Between 1991 and 2004, the government counted 2,537,400 individuals who emigrated; 1,897,500 moved to other post-Soviet states, and 639,900 moved to other, mainly Western, states.

By the early 2000s, Ukrainian embassies reported that 300,000 Ukrainian citizens were working in Poland, 200,000 in Italy, approximately 200,000 in the Czech Republic, 150,000 in Portugal, 100,000 in Spain, 35,000 in Turkey, 20,000 in the United States and small significant numbers in Austria, Belgium, France, Germany, Greece, Sweden, Switzerland and the UK. The largest number of Ukrainian workers abroad, about one million, are in the Russian Federation. Since 1992, 232,072 persons born in Ukraine have emigrated to the US.

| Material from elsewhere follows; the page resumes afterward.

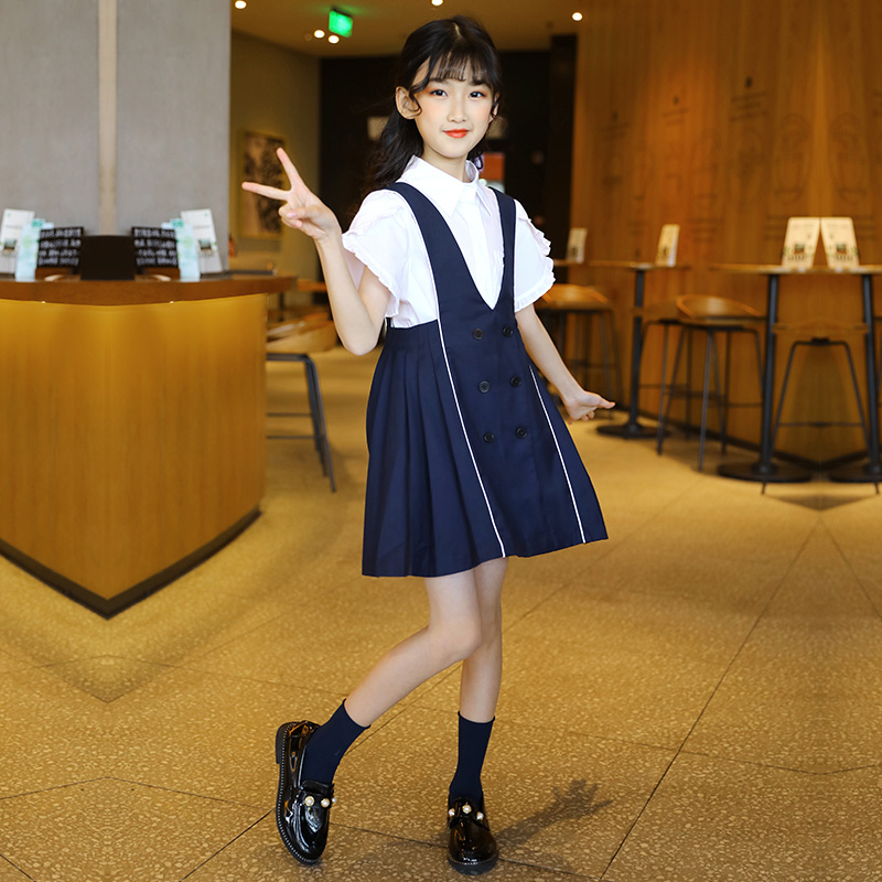 Girl Braces Skirt Summer Dress Suit 2022 New Children's Web Red College Wind Summer Dress Sdress CUHK Dresses

From the point of view of the economic impact on natives, more appropriate than the absolute numbers is the volume of immigration as a proportion of the native population. Italy has the highest rate of Ukrainian emigrants as a proportion of the native population, while the much larger Russia has the largest absolute confirmed number of Ukrainian emigrants (leaving aside Poland, Portugal and the Czech Republic, for which there is conflicting data).

Immigration
Between 1991 and 2003, about 100,000 illegal immigrants were detained at the western borders. In 2005, about 5,000 illegal immigrants are detained yearly. Most of these are Asian immigrants from China, India, Pakistan and Afghanistan. At the time about 3,000 officially registered refugees resided in Ukraine, of whom most were Afghans.

Ukraine accepted some 62,000 refugees from Transnistria following its war in 1992. Thousands were also accepted during decade from other post-Soviet conflicts in Abkhazia, Chechnya and Tajikistan.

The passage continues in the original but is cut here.